My boss googled those articles, and I'm trying to do some damage control.

Quote:

Originally Posted by unSpawn (Post 3152825)
You only told us you work in an IT dept. and nothing about your skills. If you're basically a Windows admin

I'm network-equipment guy (CCNA). Since 2001 Linux is operating system of my choice (at home) - to be precise: Debian (2001-2006) and Ubuntu (2006-present).

Quote:

Originally Posted by unSpawn (Post 3152825)
Use a staging area / test machine(s) to set up your infrastructure and do a phased roll-out when you are convinced everything is in working order.

I would love to do it that way but I was told that I, quote, "have 4 weeks to implement intranet, FTP server, and server for our minor web-projects" on junk hardware from the previous millennium (oh, and I should do it in my spare minutes).

Quote:

Originally Posted by unSpawn (Post 3152825)
You don't want to be denied access to certain packages because of the sole maintainer mimicking an authoritarian system of government under absolute control of a single person.

I guess this is Debian. (Is situation really that bad? I have a feeling that all important packages are maintained very good.)

Quote:

Originally Posted by unSpawn (Post 3152825)
You don't want to be forced to accept a distro's break-neck speed of releases. You don't want to wait for days to roll out security fixes only to find there's no quality assurance done breaking your machines.
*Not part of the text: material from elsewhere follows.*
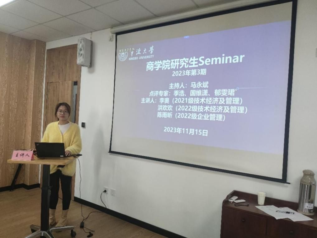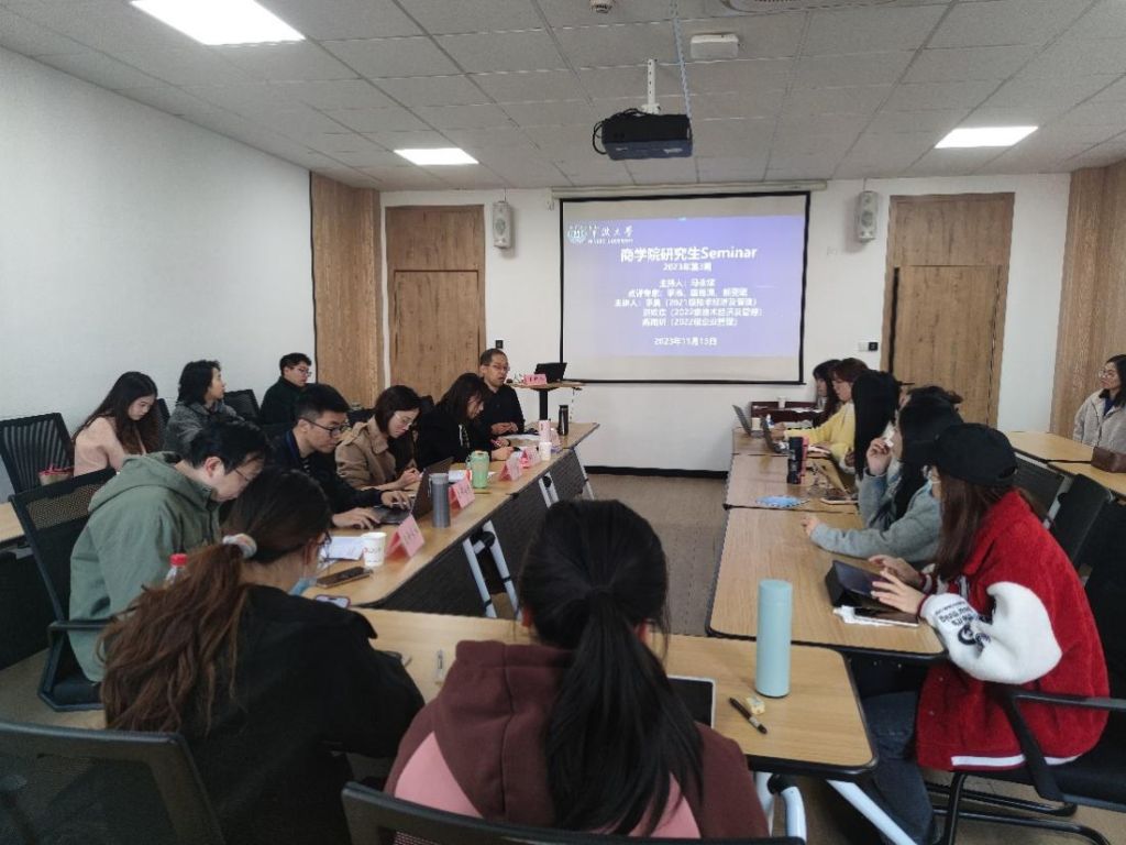 11月15日下午,四虎影院 2023年第3期研究生Seminar在四虎影院 316会议室举行。本期Seminar主持人是企业管理学位点负责人马永斌老师,点评专家为季浩老师、国维潇老师、张祺瑞老师和郁雯珺老师。主讲人是2021级技术经济及管理的李奥、2022级技术经济及管理的洪欢欢和2022级企业管理的陈雨昕。

And I guess this is Ubuntu. I use it on desktop, and it's fine. But I'm perfectly aware of its weak spots on servers. Unfortunately, it's possible that I will be forced to work with it, so I want to know will that make my life unbearable?

And concerning Red Hat (I guess that you were talking about it in your last paragraph), I have no experience with it, I only know (through media and acquaintances) that it's good. But I was told that, comparing to Debian/Ubuntu, it is substantially different (not harder, only different) to administrate, and unfortunately I don't have much time for preparations and testing.
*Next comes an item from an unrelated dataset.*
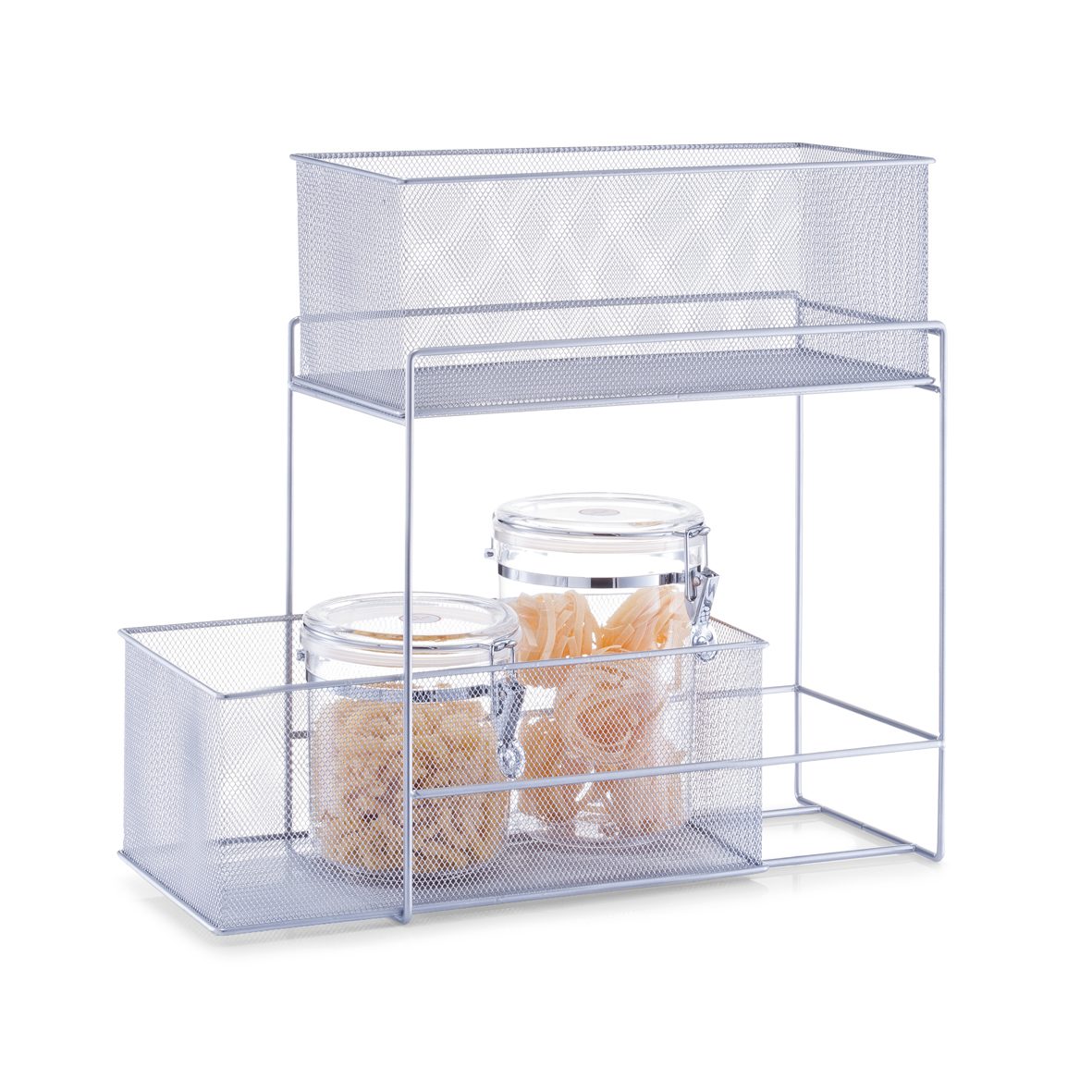 Dank diesem praktischen Etagenregal aus Stahlgeflecht mit zwei Körben aus Mesh gewinnen Sie wertvollen Stauraum in Ihrem Zuhause. Es schafft Ordnung in Ihren Schränken und Regalen und eignet sich ideal für den Einsatz in den Küchen-, Vorrats- oder Badschränken.

unSpawn 05-14-2008 08:14 PM

Quote:

Originally Posted by Tony 1979 (Post 3153149)
My boss googled those articles, and I'm trying to do some damage control.

Auch?


Quote:

Originally Posted by Tony 1979 (Post 3153149)
I would love to do it that way but I was told that I, quote, "have 4 weeks to implement intranet, FTP server, and server for our minor web-projects" on junk hardware from the previous millennium (oh, and I should do it in my spare minutes).

Auch!


Quote:

Originally Posted by Tony 1979 (Post 3153149)
I guess this is Debian. (Is situation really that bad? I have a feeling that all important packages are maintained very good.)

No, it definately is *not* Debian.


Quote:

Originally Posted by Tony 1979 (Post 3153149)
it's possible that I will be forced to work with it, so I want to know will that make my life unbearable? (..) I don't have much time for preparations and testing.

Your strength is you're familiar with Debian and .*buntu. That's a good start, so unless you have doubts after all these years I'd definately build on that knowledge. So pulling it off more likely depends on what you can scavenge in terms of time and HW, and your inventory of what needs to be provided, especially with respect to Mcrsft-isms and other proprietary malarky that could stall your imminent World Domination.

winklebe 05-15-2008 01:27 PM

Hi,

I admin SuSe, Redhat, Ubuntu, Windows and OSx boxes. I'd say if you're familiar with Ubuntu stay with it. If support is a high priority Redhat is the big dog. Novell(SuSE) left me hanging with a Riser file system/Sendmail(commercial)problem. Redhat ain't cheap!

Man your in a bad work spot. Believe me I've been there. First of all don't let it affect you personally. Do your work to the best of your abilities and you'll never have to second guess yourself. Most bosses would not know a good job if it ran up and bit them in the ass. Polish up the old resume and start looking while your still with these jerks. Be professional. They obviously are not. Hope this helps.

Good Luck,
Bill

Tony 1979 05-18-2008 01:42 PM

unSpawn, winklebe - thank you for your responses! I've decided to stick with what I know, and that's Debian/Ubuntu.

And that leads me to this question: how big is the difference in stability and security between Debian and Ubuntu Server? Please, answers from people that have personal experience with both!